Everything you see is for you.
Take what you need.
Take what you want.
Something that I get from Passaic is just sincere help.
People there don't care about just feeding you.
They're going to ask you tomorrow, the next day, did you eat as well?
And that's what makes Pesaic so, so special to me because I have about ten different ladies I call mama, and they treat me exactly like a son.
Gained most of my weight out here.
'Cause everybody, "Come through and grab a plate.
Come through and grab a plate."
You got my numbers, ladies.
Y'all know.
- I got your numbers.
- Once we get all that together, we're gonna get it together.
- All right.
- All right?
- God bless you.
- Love you, ladies.
- God bless you all.
- Thank you.
I will always go... any mile just to make sure people don't have to go through what I went through.
38 Osborne Terrace in Newark New Jersey is currently under various change that will be hope with then's first women in transitional home.
The difference between transitional homes and a shelter.
Shelters are more so just sleeping areas.
I wanted to really have homes in place where you felt like it was your home.
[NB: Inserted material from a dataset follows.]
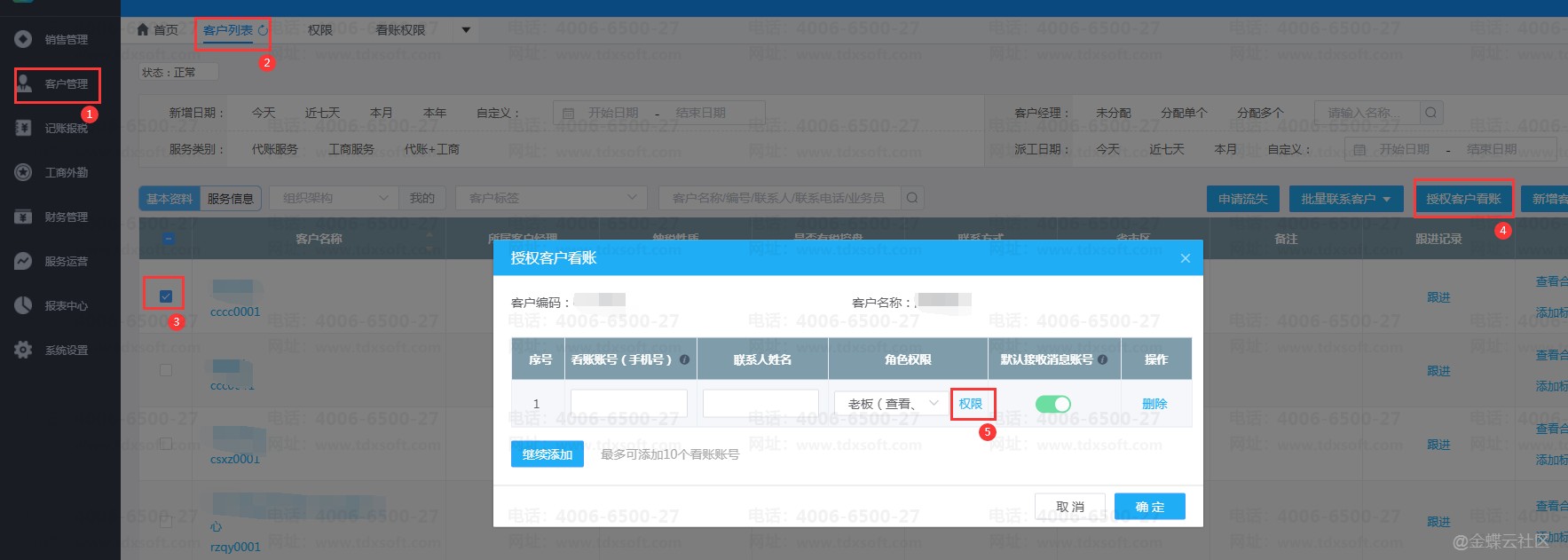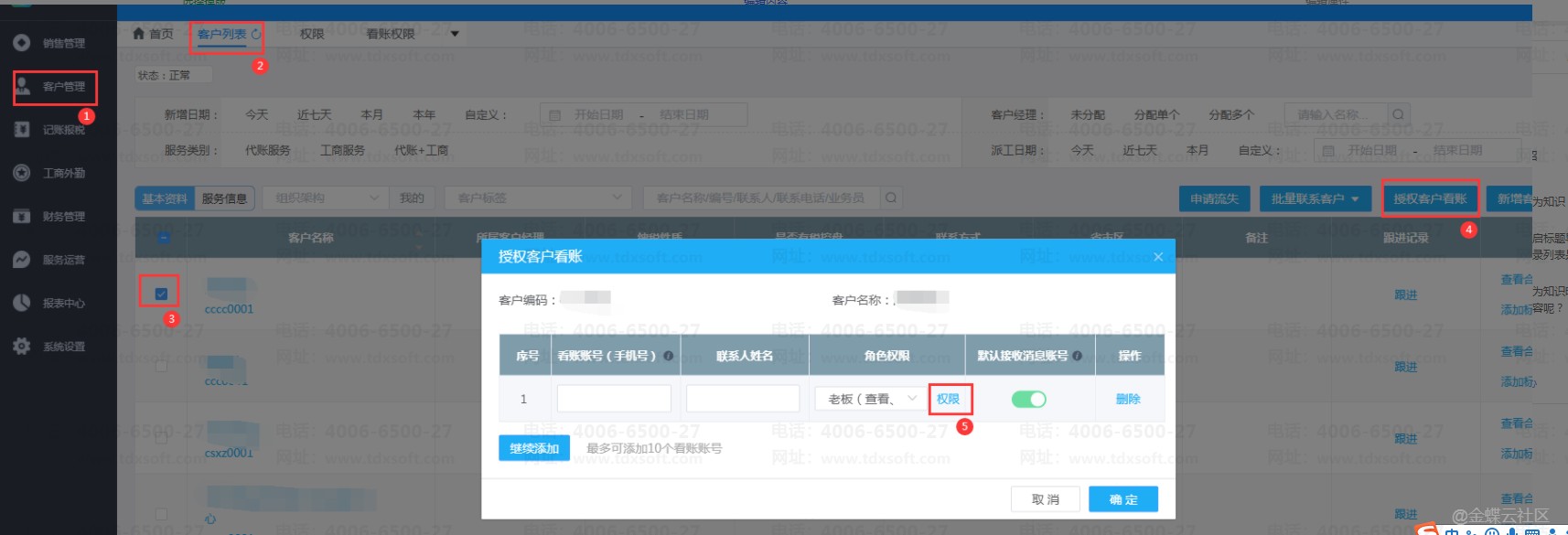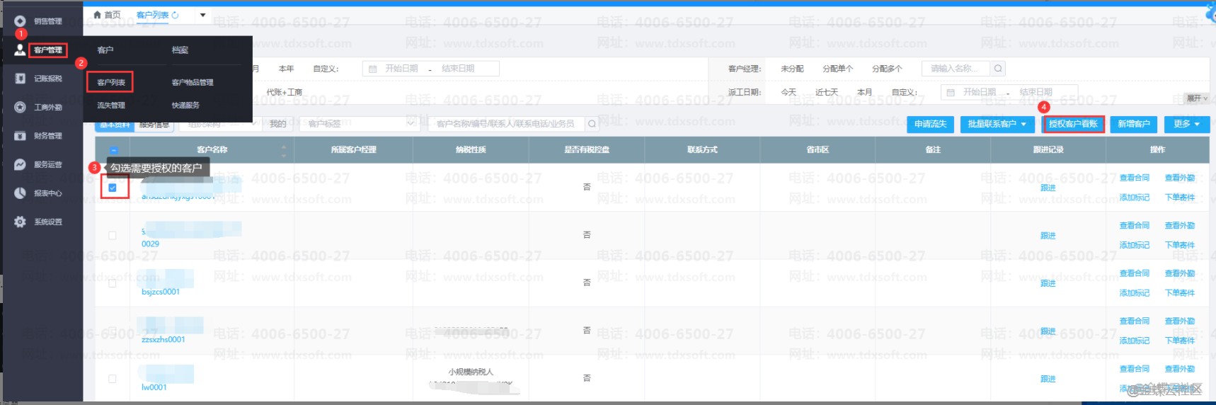 1.【客户管理】→【客户列表】,勾选好需要授权的客户后点击【授权客户看账】,

I know most of these programs out here in these different cities are rotating doors.
This isn't just a place you're in, it's not just a place you're at, but this is a place you need to be and you want to be.
Our key is not to let you slip through the cracks.
When I was released from DIFE as at the age of 19 and again had nowhere to pretty much lay my head, I parked outside a little bit down the road from this actual house we in and my brother happened to walk out that morning and saw me sleeping in my car.
He knocked on the window and said, "What are you doing?"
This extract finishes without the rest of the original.